What is expected.
The output should match, line for line, the records from the line containing "1930年代にブルックリンを" through the line containing "exports and 1.3", with every picture left out.

Given records.
★ ★ ★ ★ ★ ★ ★

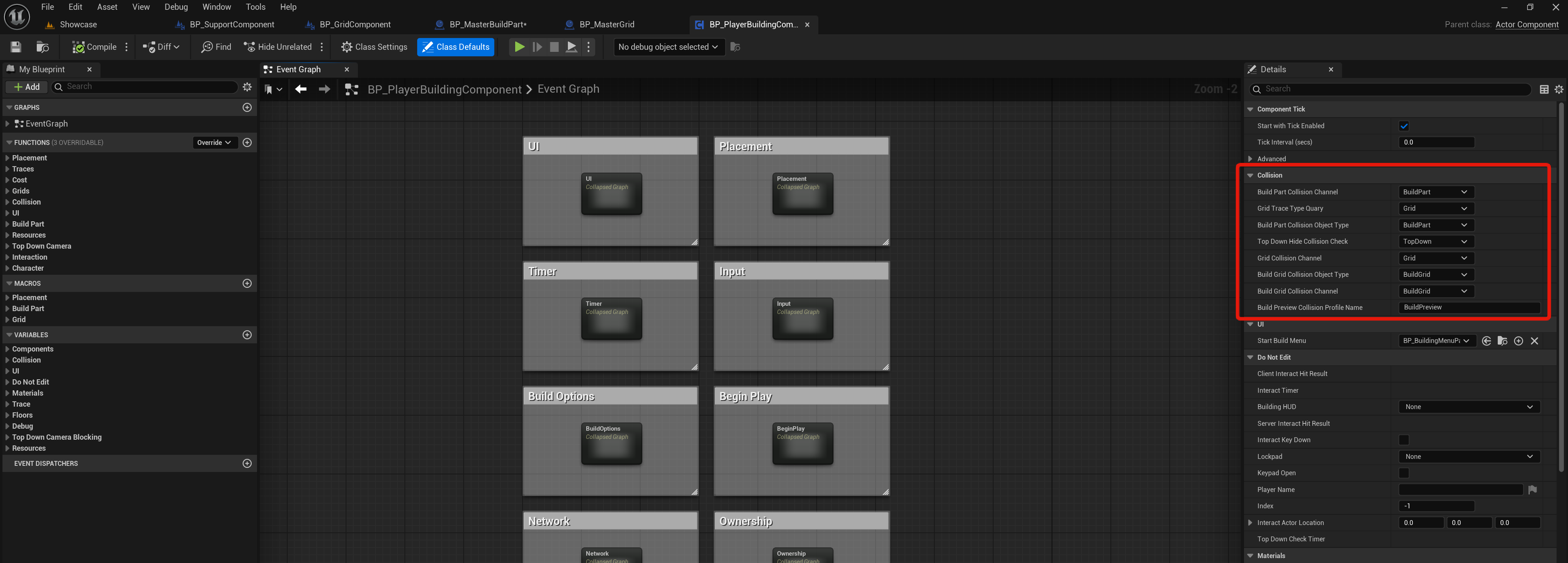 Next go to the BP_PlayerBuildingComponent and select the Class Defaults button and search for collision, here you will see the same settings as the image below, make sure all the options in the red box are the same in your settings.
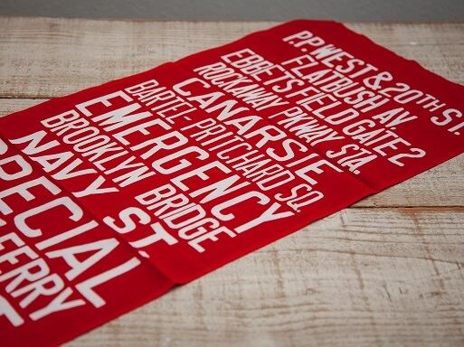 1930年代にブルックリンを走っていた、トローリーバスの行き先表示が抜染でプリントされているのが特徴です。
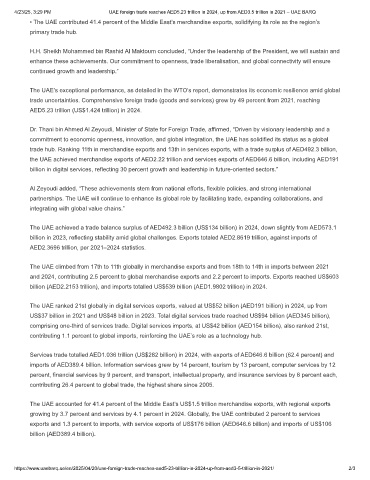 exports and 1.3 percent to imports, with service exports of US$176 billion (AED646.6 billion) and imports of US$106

★ ★ ★ ★ ★ ★ ★

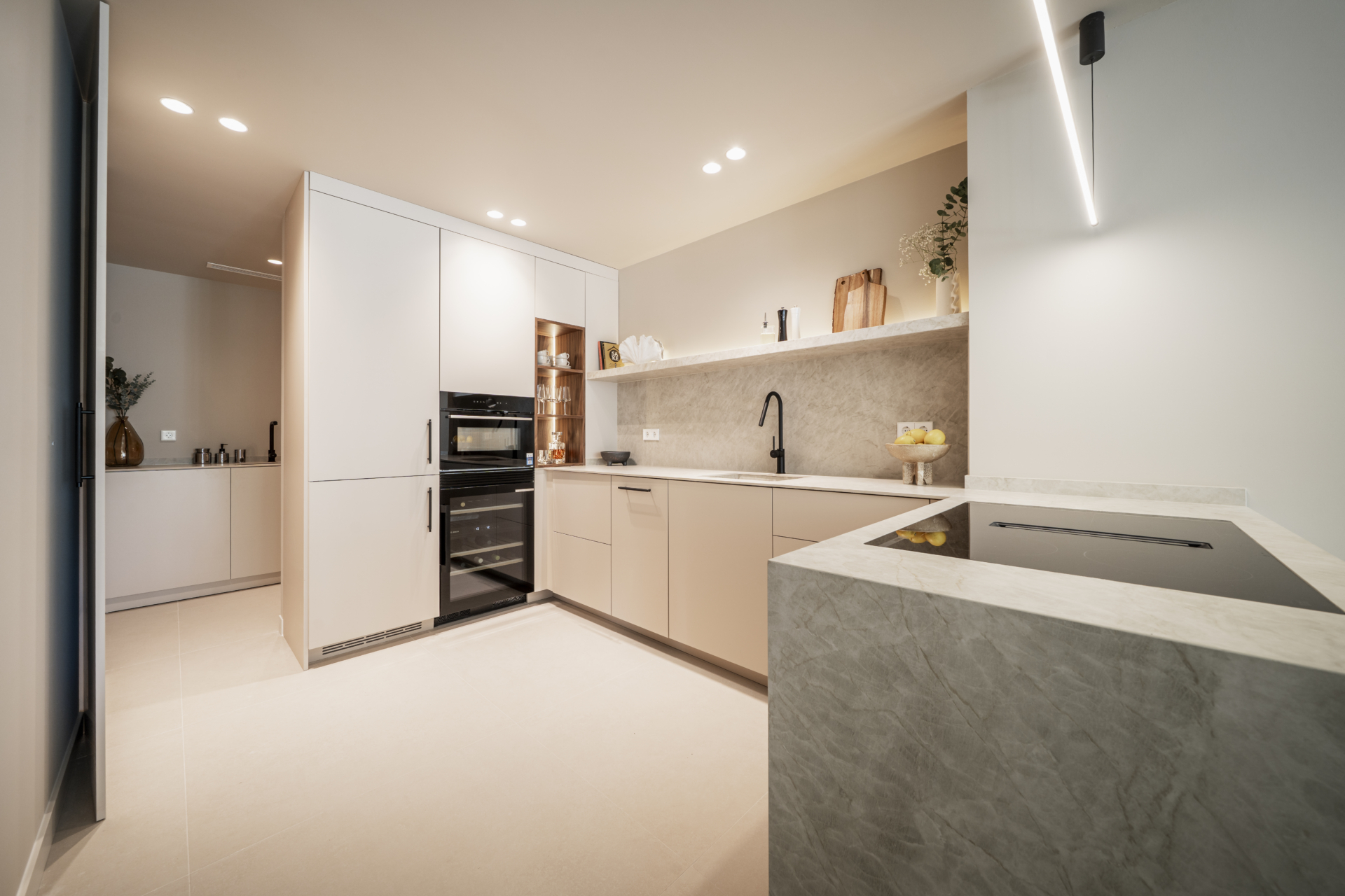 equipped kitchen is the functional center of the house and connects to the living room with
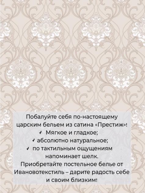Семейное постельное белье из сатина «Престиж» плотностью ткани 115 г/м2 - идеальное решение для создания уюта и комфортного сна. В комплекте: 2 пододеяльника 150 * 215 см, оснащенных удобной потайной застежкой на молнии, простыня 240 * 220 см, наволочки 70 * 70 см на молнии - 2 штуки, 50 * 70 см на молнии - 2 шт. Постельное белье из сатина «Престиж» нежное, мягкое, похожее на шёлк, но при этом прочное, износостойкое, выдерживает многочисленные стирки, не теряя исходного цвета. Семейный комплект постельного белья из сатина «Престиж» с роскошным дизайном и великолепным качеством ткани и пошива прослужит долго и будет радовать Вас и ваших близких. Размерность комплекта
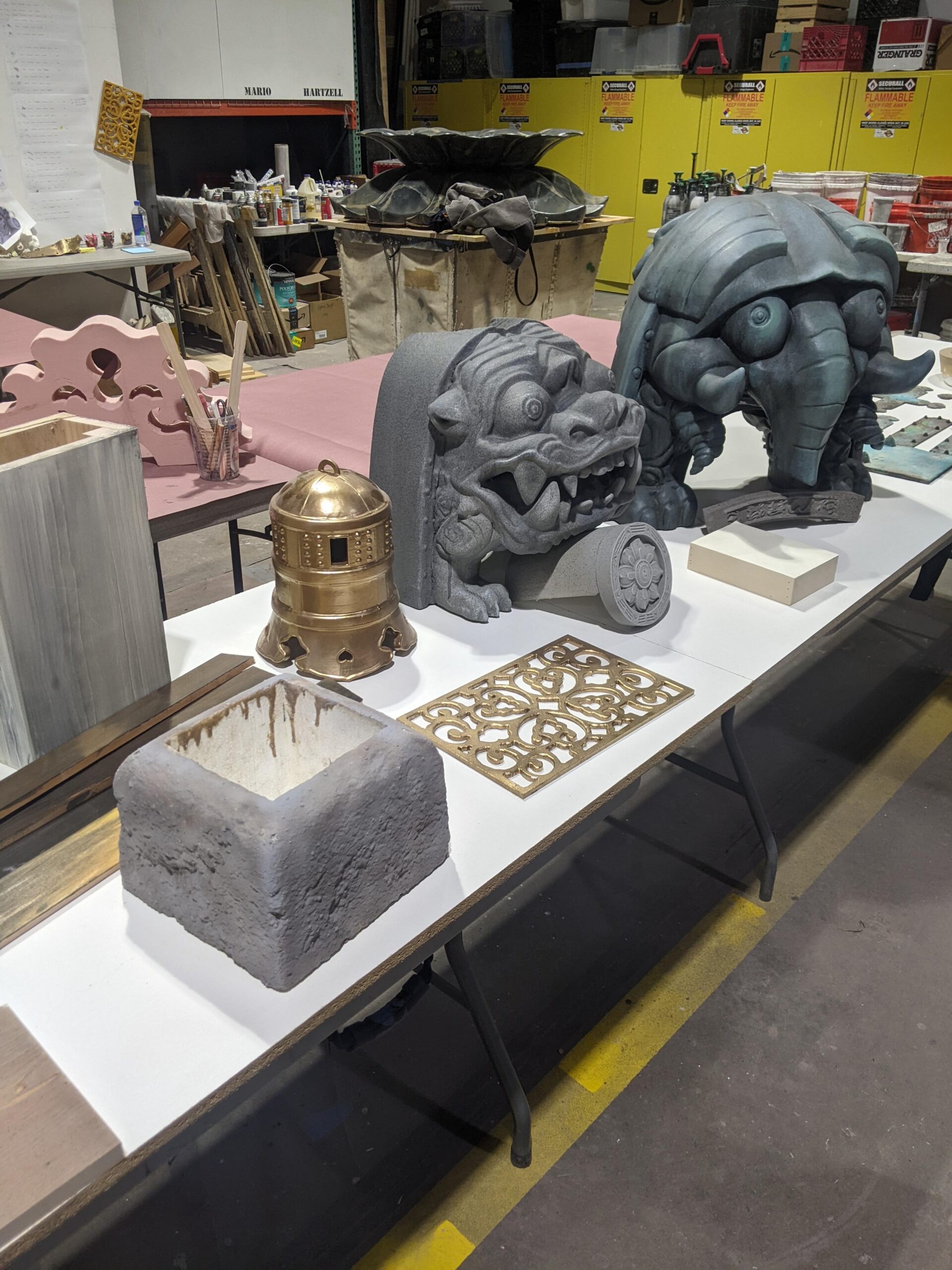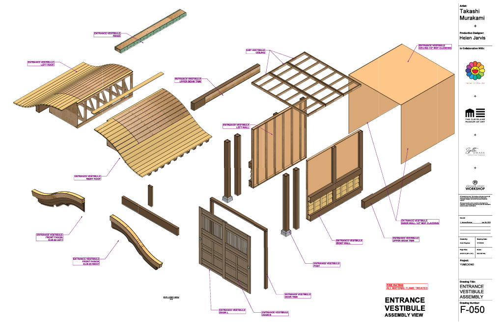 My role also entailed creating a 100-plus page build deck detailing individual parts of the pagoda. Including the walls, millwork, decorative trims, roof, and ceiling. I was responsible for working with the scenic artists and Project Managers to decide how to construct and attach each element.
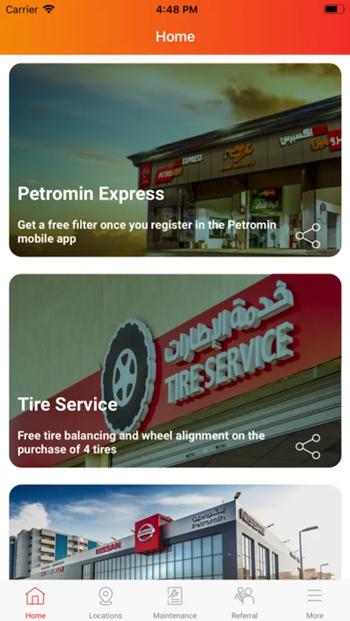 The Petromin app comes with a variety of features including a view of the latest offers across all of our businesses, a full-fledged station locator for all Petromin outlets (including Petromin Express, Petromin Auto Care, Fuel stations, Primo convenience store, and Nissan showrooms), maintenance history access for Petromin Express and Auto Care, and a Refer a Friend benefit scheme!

★ ★ ★ ★ ★ ★ ★

Output for this exercise.
 1930年代にブルックリンを走っていた、トローリーバスの行き先表示が抜染でプリントされているのが特徴です。
 exports and 1.3 percent to imports, with service exports of US$176 billion (AED646.6 billion) and imports of US$106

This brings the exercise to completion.